127 Word Ladder

Aug 2022

A transformation sequence from word beginWord to word endWord using a dictionary wordList is a sequence of words beginWord -> s₁ -> s₂ -> ... -> s_k such that:

Every adjacent pair of words differs by a single letter.
Every s_i for 1 <= i <= k is in wordList.

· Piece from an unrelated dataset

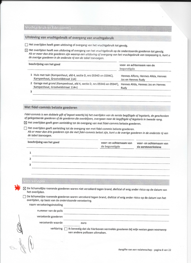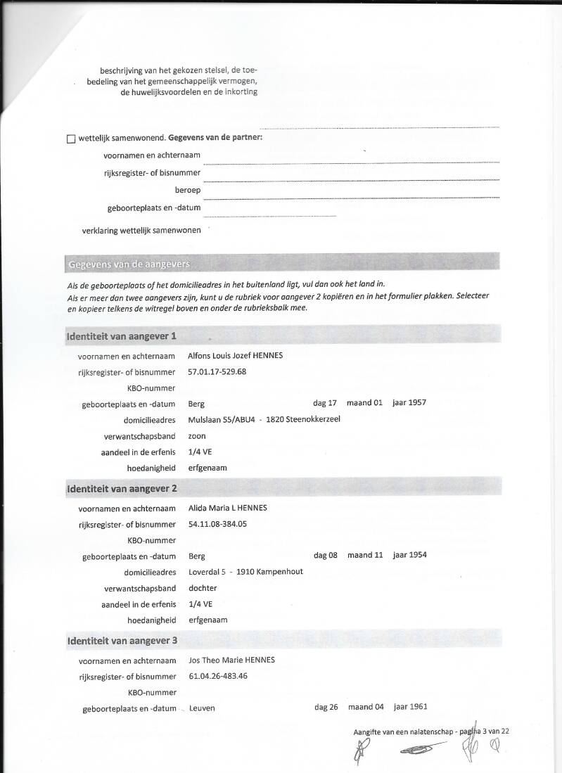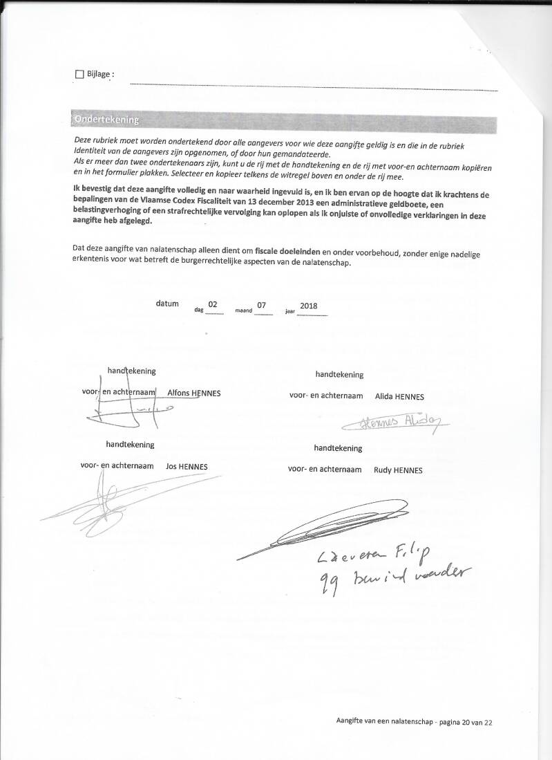 nr 700000 de 'ondertekende' aangife van : nalatenschap vader Ernest HENNES

Note that beginWord does not need to be in wordList.
s_k == endWord Given two words, beginWord and endWord, and a dictionary wordList, return the number of words in the shortest transformation sequence from beginWord to endWord, or 0 if no such sequence exists.

Example 1:

Input: beginWord = "hit", endWord = "cog",
       wordList = ["hot","dot","dog","lot","log","cog"]
Output: 5
Explanation: One shortest transformation sequence is
"hit" -> "hot" -> "dot" -> "dog" -> cog", which is 5 words long.

Example 2:

Input: beginWord = "hit", endWord = "cog",
       wordList = ["hot","dot","dog","lot","log"]
Output: 0
Explanation: The endWord "cog" is not in wordList,
therefore there is no valid transformation sequence.

Constraints:

1 <= beginWord.length <= 10
endWord.length == beginWord.length
1 <= wordList.length <= 5000
wordList[i].length == beginWord.length
beginWord, endWord, and wordList[i] consist of lowercase English letters.
beginWord != endWord
All the words in wordList are unique.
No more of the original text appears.